THE time for moral acceptance of deterrence may be over, Archbishop Raymond Hunthausen of Seattle advised a national Pax Christi audience in Chicago last week.
In the keynote address to the 11th annual assembly of Pax Christi USA, the archbishop cited the 1983 US bishops' pastoral letter on war and peace, The Challenge of Peace: God's Promise and Our Response. "But as we all know, The Challenge of Peace was not enough."
Noting that the nuclear arms race has accelerated in outer space and across the world since 1983, he suggested that "we as a church must acknowledge that the expansion of this evil has taken place under a strategic principle which was explicitly tolerated, although in a strictly conditioned manner. I refer, of course, to the principle of nuclear deterrence."
He emphasised that "my interpretation of the present realities is that we may no longer be able to give moral respectability to the principle of deterrence because the strict conditions we set forth are fast ceasing to be verified. In my view, we are rapidly approaching the point where our courageous pastoral letter will no longer be seen as the challenge it was meant to be: It will become instead the nuclear equivalent of a blank cheque."
The archbishop recalled a 1976 US bishops' pastoral letter, To Live in Christ Jesus, which stated that the United States must know "that not only is it wrong to attack civilian populations but it is also wrong to threaten to attack them as part of a strategy of deterrence."
"I feel, at this time, compelled to wonder out loud whether, perhaps, we weren't right the first time," he said. "Nuclear war begins, I believe, in our hearts and that is where it must end. For that reason, deterrence is not extrinsic to the evil of nuclear war, but finds, itself at the centre of the evil. In other words, our intention or willingness to do the sin could become the sin."

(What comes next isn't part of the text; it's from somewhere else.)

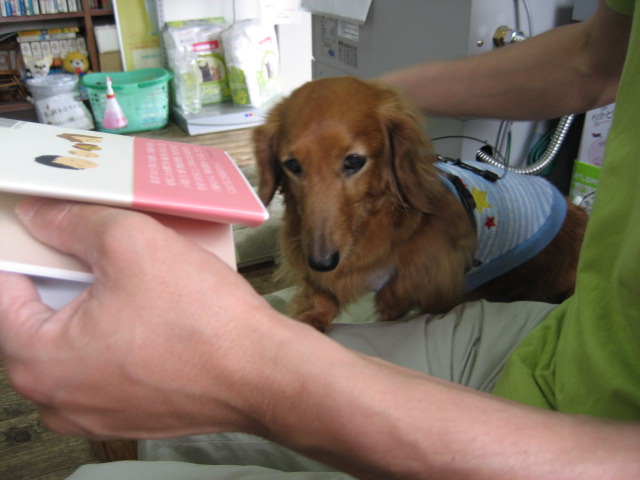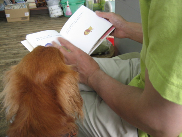 待ち時間、パパは病院においてある本を読んでいると、グーさんも一緒に読んでいる!?

He reminded those present that peace may begin at each celebration of the Eucharist and in a deeper understanding of the cross. "Is it too much to suggest, then, that as we satisfy our hungers as a human family in the Eucharist, the eucharistic' celebration itself could be a time when we are reminded of our call — our obligation — to be reconciled with our brothers and sisters throughout the world who, like us, are experiencing the threat of nuclear extermination?" he asked.
In ceremonies following Archbishop Hunthausen's talk, Pax Christi USA's president, Auxiliary Bishop Thomas Gumbleton of Detroit, gave the Seattle prelate the organisation's 1987 Pope Paul VI Teacher of Peace Award. The award commends the recipient for a witness that is prophetic.